In reality theres' a "true" component to who you are, when you go outside. the impression that you're giving people.

The truth is that the women are doing almost all of the selecting. Unless you have some really deep insecurities that are holding you back, you're probably being limited by your actual value. Looks are a big component of that value.

Everything started picking up for me when I started dressing nicer and got contacts.

The other day I was in a coffee shop and noticed a cute girl smiling.

Stopped her as she was walking out and gave a last smile:

"Well, don't just smile and leave..."

she walked over and i talked to her for a few seconds, got a number, and took her out this morning.

It's that easy. No really. If youre trying too hadr youre just fighting an uphill battle and embarassing yourself. Before one of my exams this term a girl was smiling at me across the room - a stranger. Sorry, but you need to be realistic here. How much is game going to help you when she's smiling at some other guy who isnt even trying?

and that's not to say you should feel like it's pointless if you're not "handsome". I certainly don't look like a model. But girls have much wider taste in guys than guys do in girls -- and even if you're ugly as a male, being in shape will help you a lot.

"Hard to get" / "busy" / "unclear" / "vague" = NOT WORTH YOUR TIME / UNINTERESTED

When you're well put together, all you have to do is take the obvious hints that women give because theyre too shy to approach themselves. I'm not even looking for sex. I feel confident enough with myself to admit that what I really want right now is a relationship with a girl I respect...and I'll keep looking for that. Maybe it will be with this girl (we had a great first date, she was enthusiastic about hanging out again) maybe it won't.

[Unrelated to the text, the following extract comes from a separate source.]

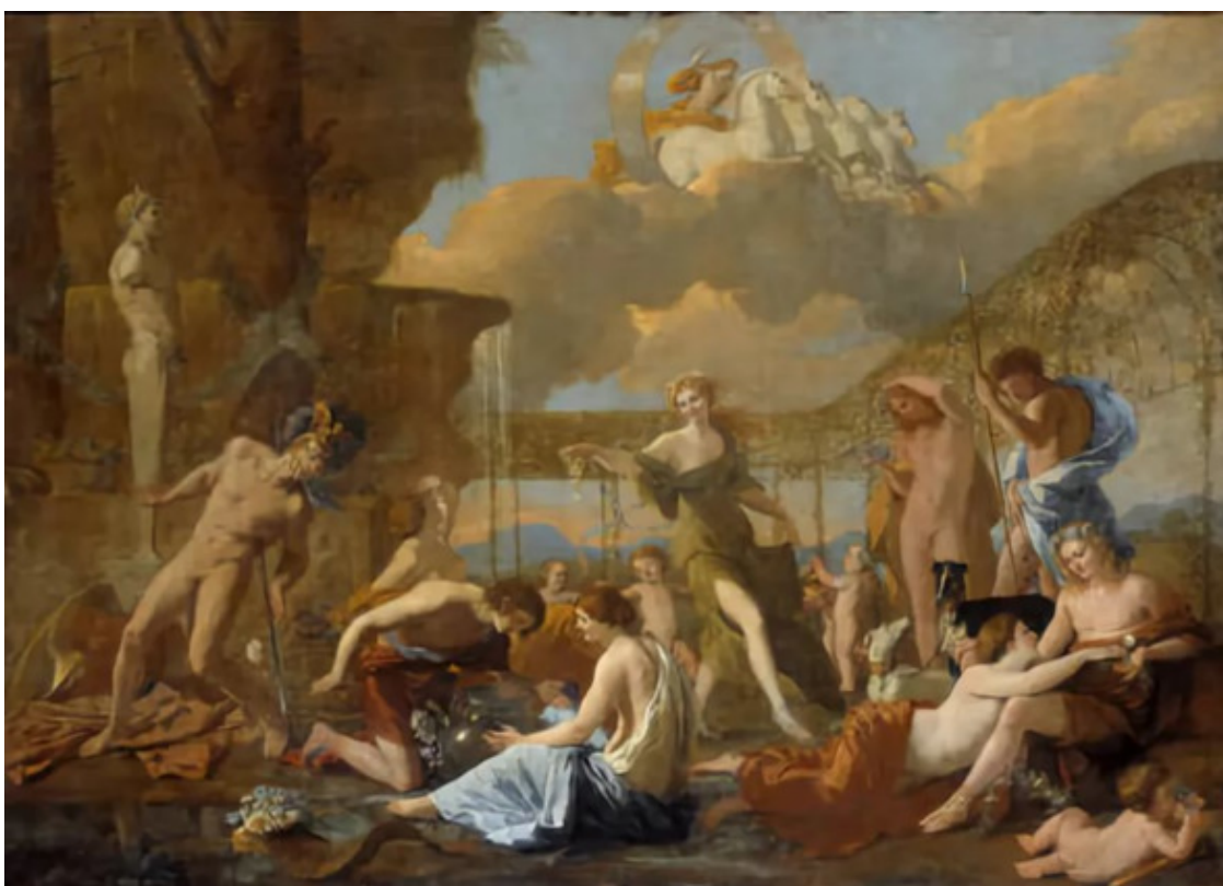
Пуссен Царство Флоры

Горько старухой стыть на одиноком одре! Не затрещит твоя дверь под напором ночного гуляки, Не соберешь поутру россыпи роз под окном. Ах, как легко, как легко морщины ложатся на кожу, Как выцветает у нас нежный румянец лица! Прядь, о которой клялась ты: «Была она с детства седою!» — Скоро по всей голове густо пойдет сединой. Змеи старость свою оставляют в сброшенной коже, Вместе с рогами олень ношу снимает годов; Только нам облегчения нет в непрерывных утратах — Рвите же розы, пока в прах не опали они! Да и рождая детей, становится молодость старше: Жатву за жатвой даря, изнемогают поля.

What I'm really trying to get across here is that you probably don't have as much power as you'd like to believe when it comes to raising your success in the dating game, except:

1) the power to reduce the insecurities that brought you to this site and raise your confidence to let your natural character show
2) looking good
3) having your life put together

In my experience, #1 can bring you down a lot. But your real limit is usually being set at #2.

So get a decent haircut, dress nicely, and DEFINITEly start working out.

And if you're not fit and dressing well, don't even start complaining about your lack of success. Because it's seriously the least you can do for yourself.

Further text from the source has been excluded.